Inhibition of serotonin transporters disrupts the enhancement of fear memory extinction by 3,4-methylenedioxymethamphetamine (MDMA)

Psychopharmacology July 24, 2017 Matthew B. Young, Seth D. Norrholm, Lara M. Khoury et al. 103 citations

MDMA enhances the extinction of fear memories in a translational behavioral model, an effect that depends on the serotonin transporter (5-HTT) and the 5-HT2A receptor. These findings support the potential use of MDMA as an adjunct to exposure therapy for fear-related disorders and highlight important pharmacological considerations for patients who are often treated with serotonin reuptake inhibitors.

Psilocybin with psychological support improves emotional face recognition in treatment-resistant depression

Psychopharmacology October 30, 2017 102 citations

People with treatment-resistant depression were slower than controls at recognizing facial emotions. After two doses of psilocybin with psychological support, their speed of emotion recognition improved to a level no different from controls, and this improvement was linked to a reduction in anhedonia. The findings suggest psilocybin may help correct emotional processing biases in depression, but placebo-controlled trials are needed to confirm.
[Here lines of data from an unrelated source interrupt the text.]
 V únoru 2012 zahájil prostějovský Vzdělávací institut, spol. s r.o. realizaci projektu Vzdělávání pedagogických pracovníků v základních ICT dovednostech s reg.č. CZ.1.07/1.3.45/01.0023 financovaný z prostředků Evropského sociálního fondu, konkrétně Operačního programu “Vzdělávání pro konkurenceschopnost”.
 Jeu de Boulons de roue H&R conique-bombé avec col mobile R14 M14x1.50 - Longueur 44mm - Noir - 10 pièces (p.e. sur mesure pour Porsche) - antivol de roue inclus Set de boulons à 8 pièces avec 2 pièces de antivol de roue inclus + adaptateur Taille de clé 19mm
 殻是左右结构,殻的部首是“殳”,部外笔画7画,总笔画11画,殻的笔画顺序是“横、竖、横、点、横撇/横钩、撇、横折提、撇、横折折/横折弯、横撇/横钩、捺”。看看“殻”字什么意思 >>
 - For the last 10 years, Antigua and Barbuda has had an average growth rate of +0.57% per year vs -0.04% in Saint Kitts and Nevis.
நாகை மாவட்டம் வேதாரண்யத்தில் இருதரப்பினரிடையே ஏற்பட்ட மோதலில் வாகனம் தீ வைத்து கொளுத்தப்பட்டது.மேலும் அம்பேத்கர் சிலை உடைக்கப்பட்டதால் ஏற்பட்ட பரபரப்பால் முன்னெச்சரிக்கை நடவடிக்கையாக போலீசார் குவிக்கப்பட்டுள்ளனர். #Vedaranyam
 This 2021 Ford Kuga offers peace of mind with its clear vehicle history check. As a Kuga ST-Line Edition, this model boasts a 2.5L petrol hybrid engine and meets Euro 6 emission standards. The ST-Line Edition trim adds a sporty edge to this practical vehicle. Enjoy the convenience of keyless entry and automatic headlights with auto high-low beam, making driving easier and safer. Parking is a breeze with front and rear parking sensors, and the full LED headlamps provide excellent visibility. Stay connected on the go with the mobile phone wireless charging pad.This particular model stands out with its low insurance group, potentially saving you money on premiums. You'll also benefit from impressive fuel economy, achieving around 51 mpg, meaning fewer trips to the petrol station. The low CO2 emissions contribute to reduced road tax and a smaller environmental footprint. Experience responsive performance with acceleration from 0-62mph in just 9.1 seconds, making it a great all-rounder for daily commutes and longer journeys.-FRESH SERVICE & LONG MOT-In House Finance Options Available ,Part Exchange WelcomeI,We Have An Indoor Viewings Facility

Role of kappa-opioid receptors in the effects of salvinorin A and ketamine on attention in rats.

Psychopharmacology June 1, 2010 Christina L Nemeth, Tracie A Paine, Joseph E Rittiner et al. 102 citations

Two drugs that alter perception and cognition in humans—salvinorin A (a kappa-opioid receptor agonist) and ketamine (an NMDA receptor antagonist)—produced similar disruptions in attention and motivation in rats tested on a food-motivated attention task. Both drugs increased omission errors (signs of reduced motivation) and slowed correct response latencies (processing deficits). Pre-feeding before testing produced a subtly different pattern, suggesting the drug effects were not purely motivational. A kappa-opioid receptor blocker (JDTic) prevented all effects of salvinorin A and some effects of ketamine. Binding studies showed ketamine also activates kappa-opioid receptors, though less potently than salvinorin A. These findings suggest kappa-opioid receptors may contribute to cognitive disruptions seen in conditions like schizophrenia.